If $\alpha=\beta=\gamma=0$, then any function $f:\mathbb{R}\to\mathbb{R}_{\leq0}$ is a solution.
If $\alpha+\beta+\gamma=1$, then any constant function $f$ satisfies the functional inequality.
If $\alpha+\beta+\gamma>1$, then any nonnegative constant function $f$ satisfies the functional inequality.
If $\alpha+\beta+\gamma<1$, then any nonpositive constant function $f$ satisfies the functional inequality.
Special Case. (The idea was borrowed from this answer, which is a particular case with $\alpha=\beta=\gamma=\dfrac13$.)
Suppose that $\alpha+\beta+\gamma=1$. Without loss of generality, $\alpha\leq \beta\leq \gamma$. Plugging in $y:=0$ and $z:=0$, we get $$f(x)\leq f(0)$$ for all $x\in\mathbb{R}$. Note that $\gamma>0$. Plugging in $y:=-x$ and $z:=0$, we have $$f(0)\geq f(-x^2)\geq f(0)$$ for all $x\in\mathbb{R}$. This means $f(x)=f(0)$ for all $x\leq 0$. Now, by letting $y:=x$ and $z:=-2x$, we have $$f(0)\geq f(+x^2)\geq f(0)$$ for all $x\in\mathbb{R}$. This means $f(x)=f(0)$ for all $x\geq 0$. Therefore, $f(x)=f(0)$ for every $x\in\mathbb{R}$. Hence, if $\alpha,\beta,\gamma\in\mathbb{R}$ are such that $\alpha+\beta+\gamma=1$, then the only solutions $f$ are constant functions.
What are solutions for other parameters $(\alpha,\beta,\gamma)$? Can we hope to find all solutions $f$ for an arbitrary triple $(\alpha,\beta,\gamma)$? If this is too difficult, can we at least hope for a characterization of all solutions $f$ if $\alpha=\beta=\gamma$?

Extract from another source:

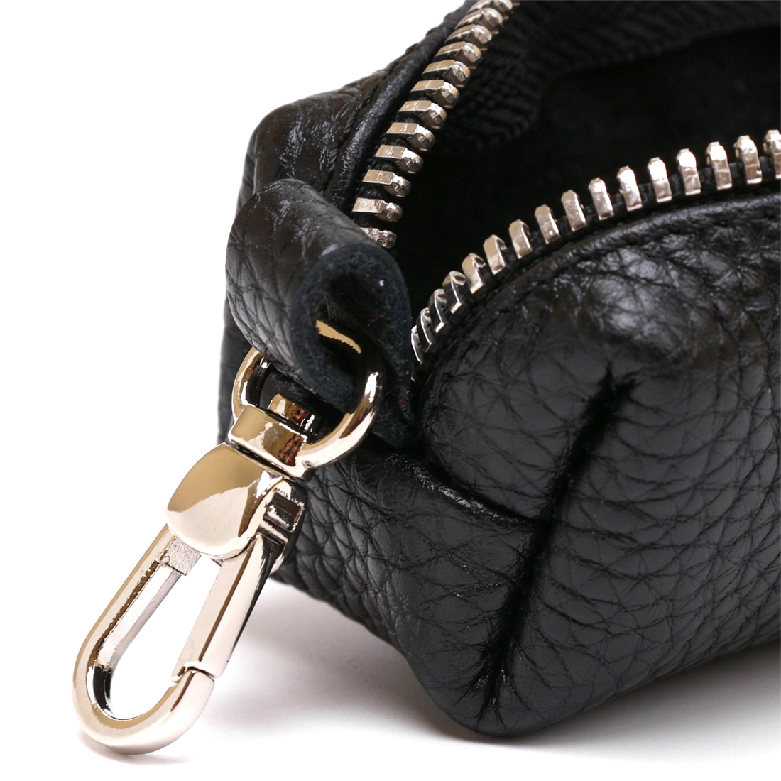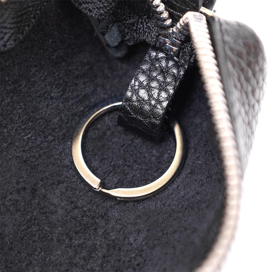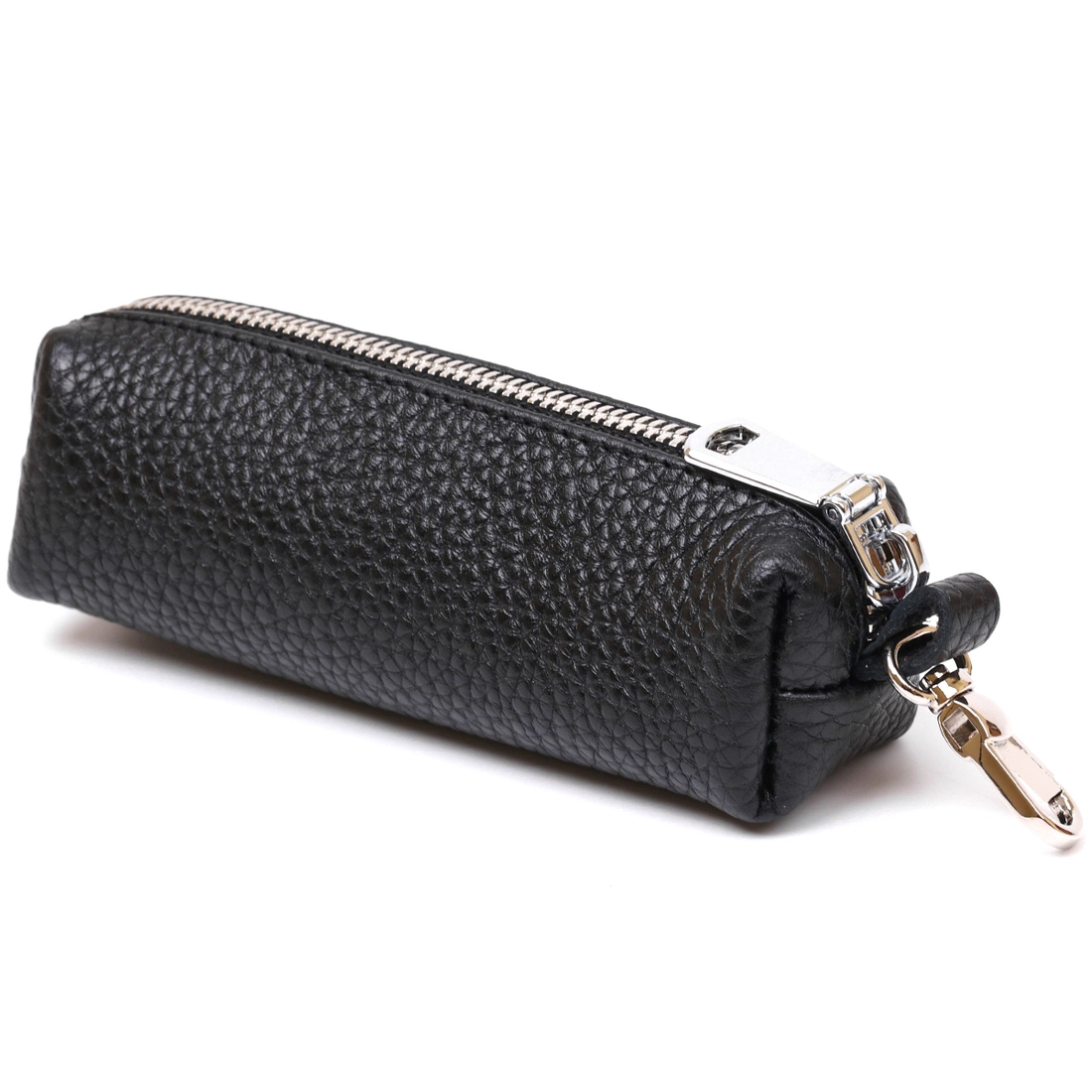 Отличная ключница для безопасного хранения ключей, при этом они точно не поцарапают содержимое сумки или кармана. Выполнено изделие из натуральной кожи высокого класса с улучшенными показателями стойкости к износу. Ключи крепятся на металлическое кольцо внутри изделия, сам аксессуар закрывается на молнию. Цвет – классический черный.

Postscript. If we have an equality instead, that is, $$\alpha\,f(yz)+\beta\,f(zx)+\gamma\,f(xy)=f(x+y+z)$$ for all $x,y,z\in\mathbb{R}$, then by plugging $y,z:=0$, we get $f(x)=(\alpha+\beta+\gamma)\,f(0)$. In particular, when $x:=0$, we have $$(\alpha+\beta+\gamma-1)\,f(0)=0\,.$$ Thus, $\alpha+\beta+\gamma=1$ or $f(0)=0$.

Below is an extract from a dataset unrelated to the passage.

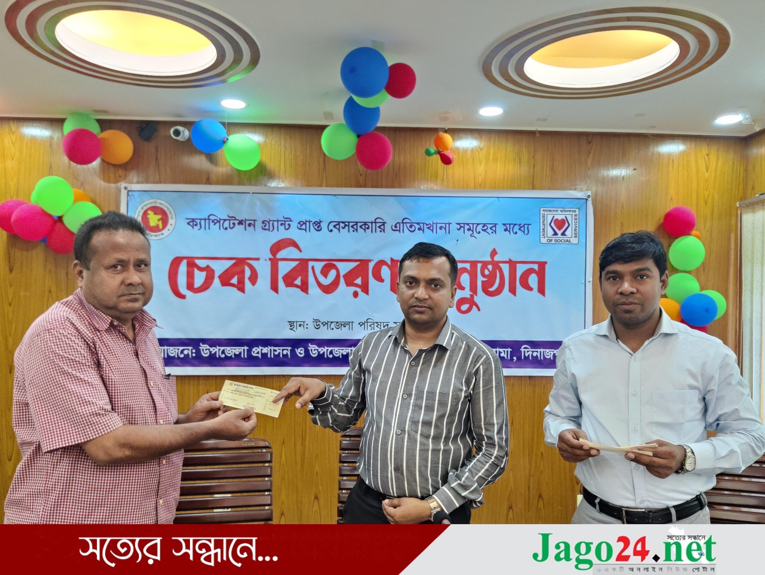 দিনাজপুরের খানসামা উপজেলায় ক্যাপিটেশন গ্র্যান্ট প্রাপ্ত ২৭টি বেসরকারি এতিমখানায় চেক বিতরণ করেছে উপজেলা প্রশাসন ও উপজেলা সমাজসেবা কার্যালয়। বৃহস্পতিবার উপজেলা
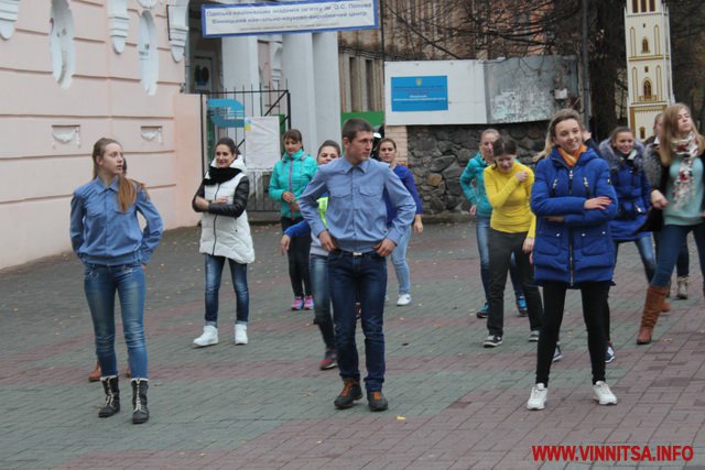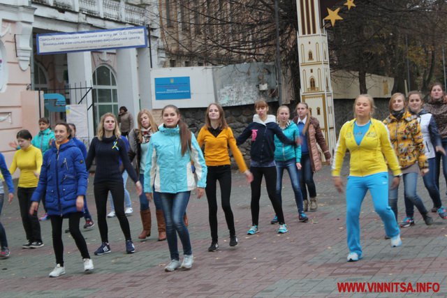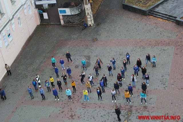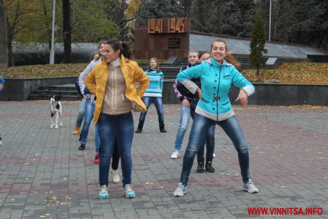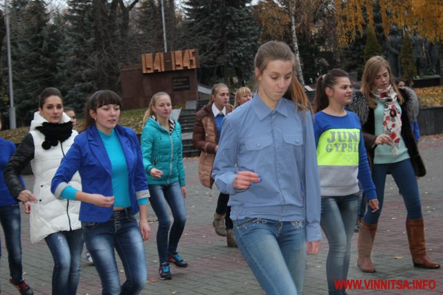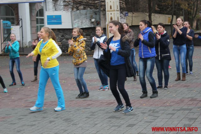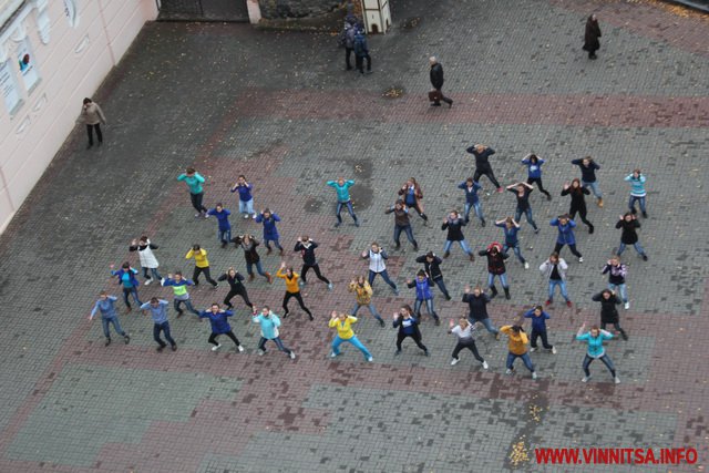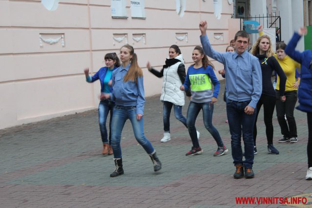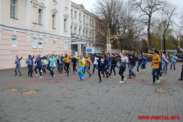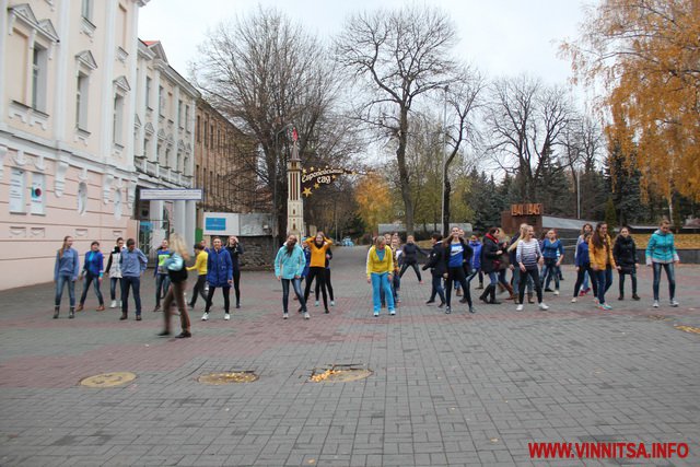 Близько 50 студентів з різних навчальних закладів Вінниці влаштували на площі запальні танці під уривки популярної молодіжної музики. Переважно брали участь у танцювальному шоу дівчата першокурсники.

If $\alpha+\beta+\gamma=1$, then using the same argument as the proof of the "Special Case" above, we can see that $f(x)=f(0)$ for all $x\in\mathbb{R}$. That is, $f$ is a constant function.
If $\alpha+\beta+\gamma\neq 1$, then $f(0)=0$. Using the same argument as the proof of the "Special Case" above, we can see that $f(x)=0$ for all $x\in\mathbb{R}$. That is, $f$ is the zero function.